Danger  : We  may get  complaisant  and than  forget to look further . so this is just a loud thinking here, where we may or  may not end up..
 So lets' look SmO2  till 1500. It is  after  an initial  extreme increase a  gradual increase in SmO2 indicating  a steady  higher intake of O2  than what is needed  for the performance.
 Interesting is that incredible  step incline.
 This is not a diagnosis  but you " normally"   will see  in an initial start .  ( Alarm phase ) a drop of SmO2   with  a rebound  and an increase. We do not see this  here.
 This is  strange as it would indicate, that the activity does not  asks  for an initial  release of local O2   deposition( Mb )  and O2  from Hb. ????
2 options we see here often.
 1. Mental  pre reaction:
 People are very exited  and the HR is already up  ( adrenaline )  "pre test"  and they  already   walk or  run or bike in their mind. HR up,  RF  up    and so on.
2. People with a respiratory  problem.
 They start out  and immediately  go over RF  ( like the cardiac  over HR )   but   not optimal depth breathing  so very apical breathing  and limited  diaphragm breathing . This leads  to air exchange  with  a hyperventilation  reaction  causing hypocapnia  at the start of the test.
 So SpO2  will go up  and with it SmO2   but   some limitation there  at the start to release  O2.
 So in this case  it may be fun to see later  whether that could be an issue.
 Respiration as a LIMITER in a later stage   would  show some changes in tHb  due to vasoconstriction. ( metaboreflex )  so we  can see  later  whether this is an issue under load  but could be an issue  here at the start.
 Like HR  this would balance in  about 5 - 10 min  so when we  go back  on HR we see that   by 300 - 600 HR  gets a kind of a "plateau.
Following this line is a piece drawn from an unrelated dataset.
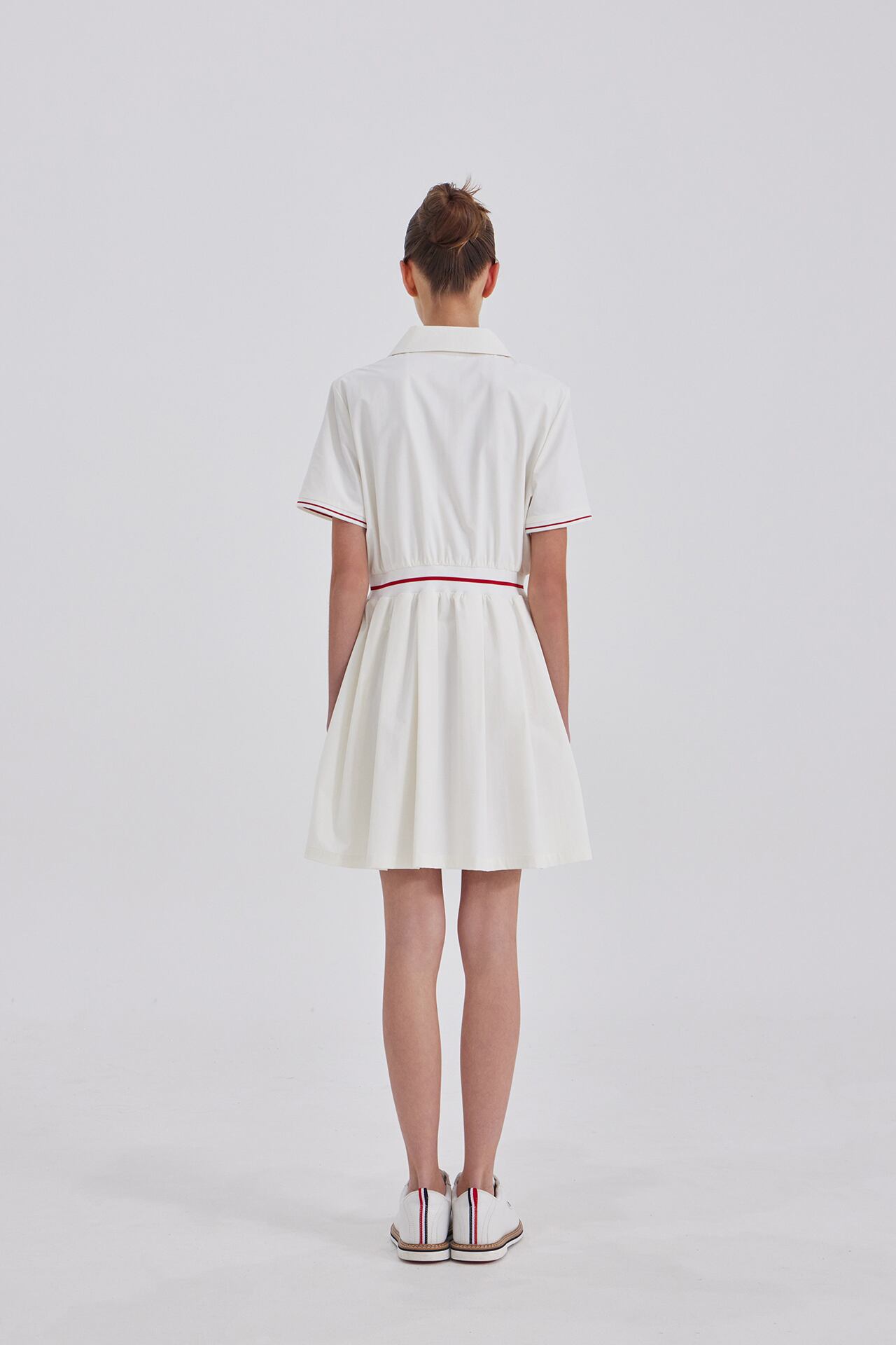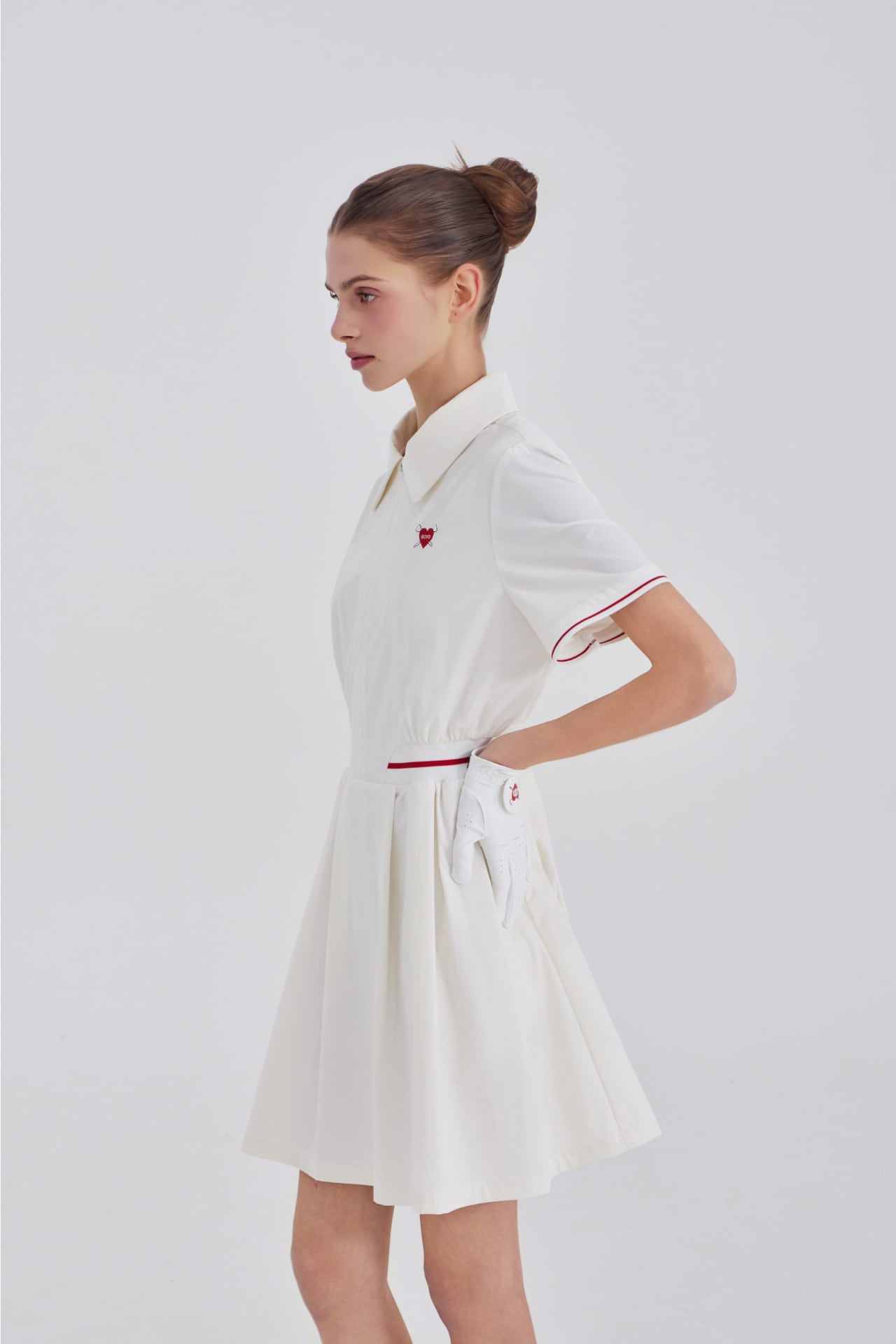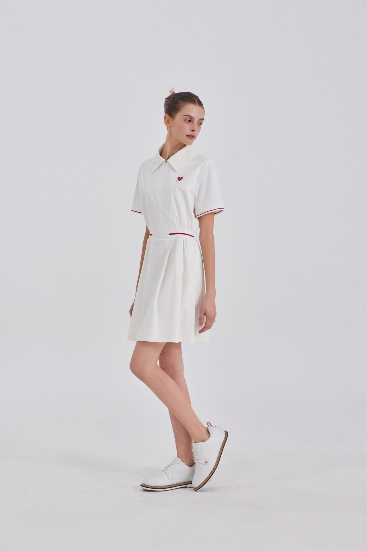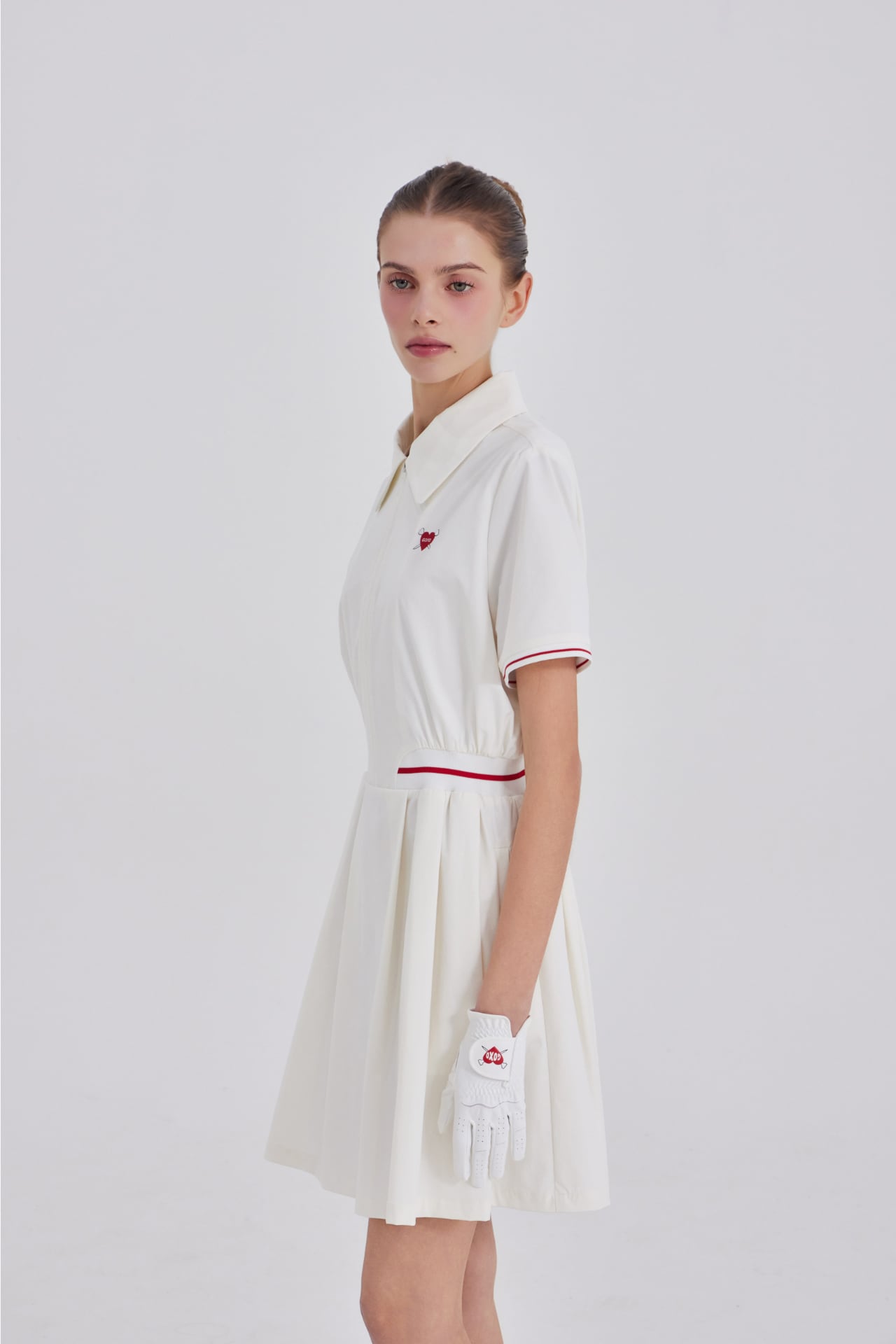 整ったシルエットが際立つ襟のハーフジップアップワンピースです。

But we see  on SmO2  that after the first 5  min  and 1 min rest  we actually have a  reduced  increase in SmO2   with a  nearly  gentle  drop. Now this   as we start again  is now a " normal"  reaction of  an initial drop of SmO2  due to the immediate  need of O2  after a start.
 So by 300 - 600 min  respiration seems to  have  started to react accordingly  ( possible  normocapnic  now )_ Now  to make a short break  after this .look  at the  area of 1500 to 1800  ???
 what do you see.
 Something went very different here ????  Drop in SmO2  as a sign of  a delivery  limitation  respectively a much higher demand  of  O2  but as well a clear  increase in HR 
There had to be  a change in activity level  walk , run  and or bike pattern  (out of the saddle, change from  walk to run, change from flat walk to an incline  walk  and so on. ????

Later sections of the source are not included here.